高低差のない2点間を移動する場合には距離の短い方を歩くことが賢者の行動である。しかし「高低差」がある場合、賢者は距離の長い方を歩く。理由は少し難しいが、要するに楽なのである。
「先生、どこまで続くんですか、この登り」。アイガー北壁とは言わないが、両足だけでは登れず、両手も使いながら登らざるをえない山道が延々と続く。先生は贅肉のない健康優良中年であるが、こちらは肥満度17%おまけに各種成人病指数基準値オーバーの典型的な不健康中年である。必死の思いで、登っていくこと十数分。やっとの思いで、通常のルートにたどり着いた。
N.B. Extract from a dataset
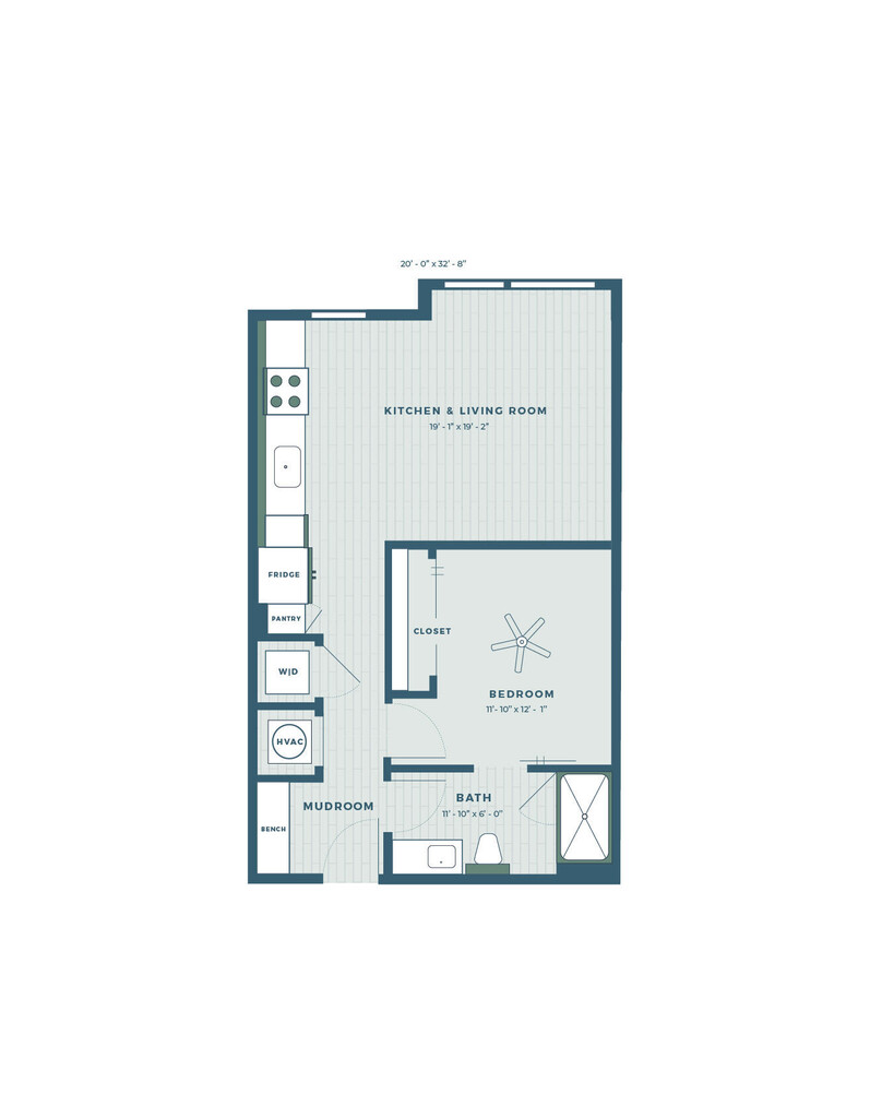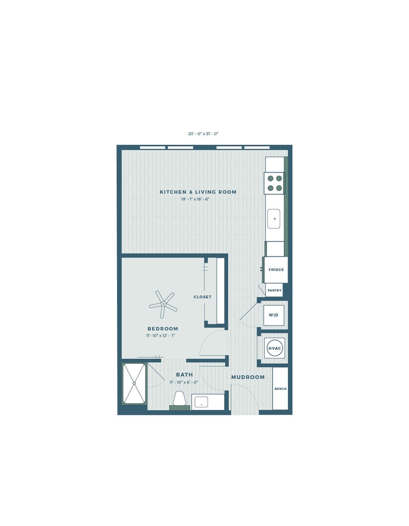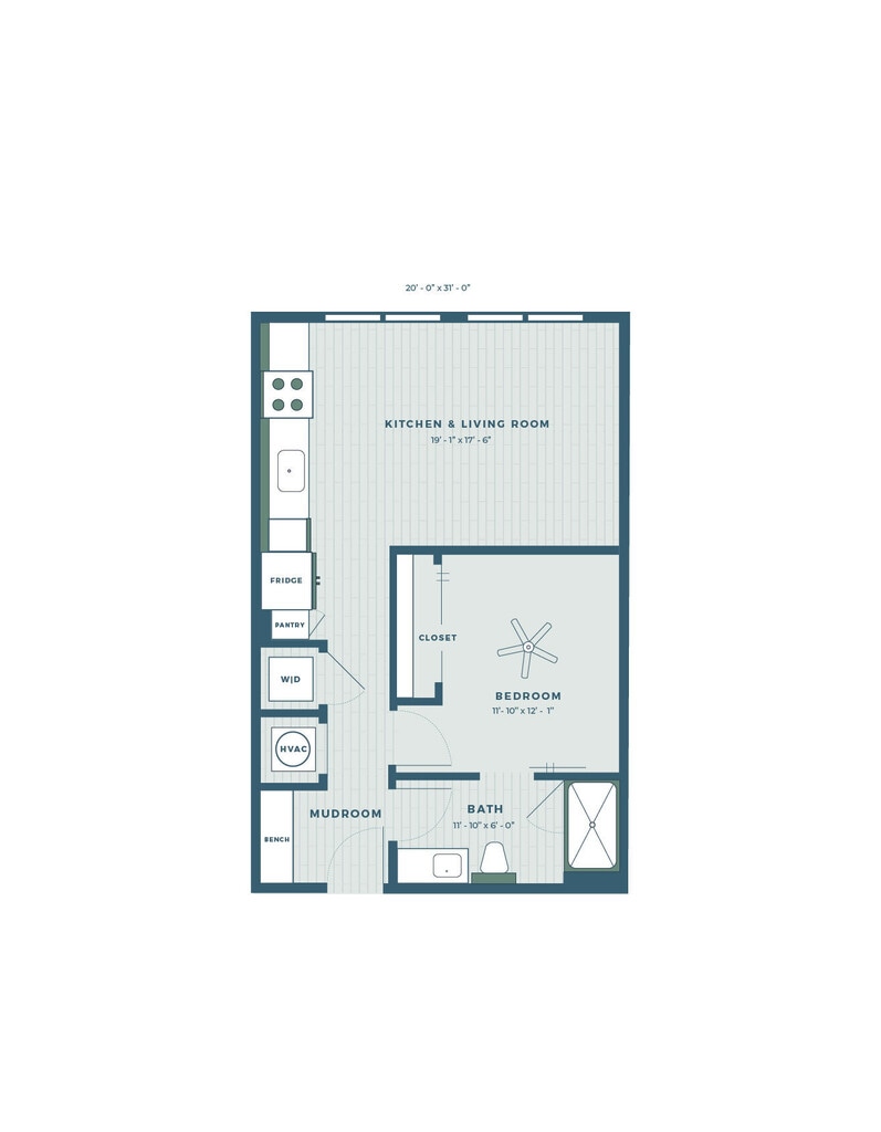 1 Dormitorio, 1 Baño, 742 pies²Disponible AhoraGalería del Modelo

しばらく休憩。ワイワイガヤガヤという賑やかな話し声が聞こえてきた。数十人はいようかというじい様ばあ様の団体である。「こんにちは」「こんにちは」と挨拶を交わしながらも、私は少々違和感を感じる。勿論非難するつもりもないが、何事においても価値観の違いが現れる。実はこれまでの私の山歩きは常に独行であった。またそれがひとつの楽しみでもあった。歩いている間いろんなことを考える。そういう楽しみ方もあると考えている。しかしこれからはしばらく複数人で歩いてみようと考えている。そこからまた新しい発見があるはずである。
ふと先生を見ると、座り込んで靴を脱ぐと、靴下を脱ぐ。「?」。どうやら足の裏にマメができて水がたまったのを治療するつもりらしい。竹串の先をライターで消毒し、マメに突き刺しては水を出す。私も昔剣道の合宿でできた血豆をカッターで切って血を出しては、そこに乾燥剤を入れて治療をしたのを思い出した。これでペースが落ちるなと内心喜んだが、あまり変わらなかった。
またしばらく歩き続けると、突然視界が開けた。あの大文字の火床に到着である。あのじい様ばあ様達も相変わらずにぎやかに談笑している。眼前には京都市街が広がっており、遠く大阪方面もうすく見える。晴れた日には梅田の高層ビルが見えるそうである。さあ、あとは銀閣寺の方に下山して、近くの銭湯で汗を流して、どっかでビール…という予定であるが、予定は狂うから予定なのである。あまりにも時間通りに歩きすぎたせいか、銭湯に着くと、まだ30分以上時間がある。
「京橋へ戻ろう。こないだ電車から煙突が見えとった。あそこに銭湯があるはずや。あそこ行こ」。その考え方ちょっと安易なんちゃいますかとは言えず、私も30分待つよりはええやろと思い、一路大阪へ。しかし“煙突=銭湯”は成り立つのかという、非常に興味深いテーマについて議論をすることもなく、居合の話などをしていると到着。煙突の方向へと歩く。鶴橋方面に戻り、川を渡ると2本煙突がある。「あの煙突やろ」、「いやこっちの煙突がさっきから見えとった煙突ですよ」。1本目の方は銭湯ではなく何かの工場の煙突だった。2本目の煙突に行くとこれもレンガ工場の煙突であることが判明した。“煙突=銭湯”は成り立つのかという課題に答えが出たと思ったとき、先生の「あれはなんや」という声がした。指差す方向になんとあの昔懐かしい温泉マークが見えるのである。奇跡はこのようにして起こるのであろうか。あるいはやはり“煙突=銭湯”は成り立つということなのか。“煙突 だいたい 銭湯”ということなのか。いずれにしても無事に銭湯で疲れを癒した後、IMPビルのビアレストランで山登りの時間と同じぐらいの時間を過ごした。完。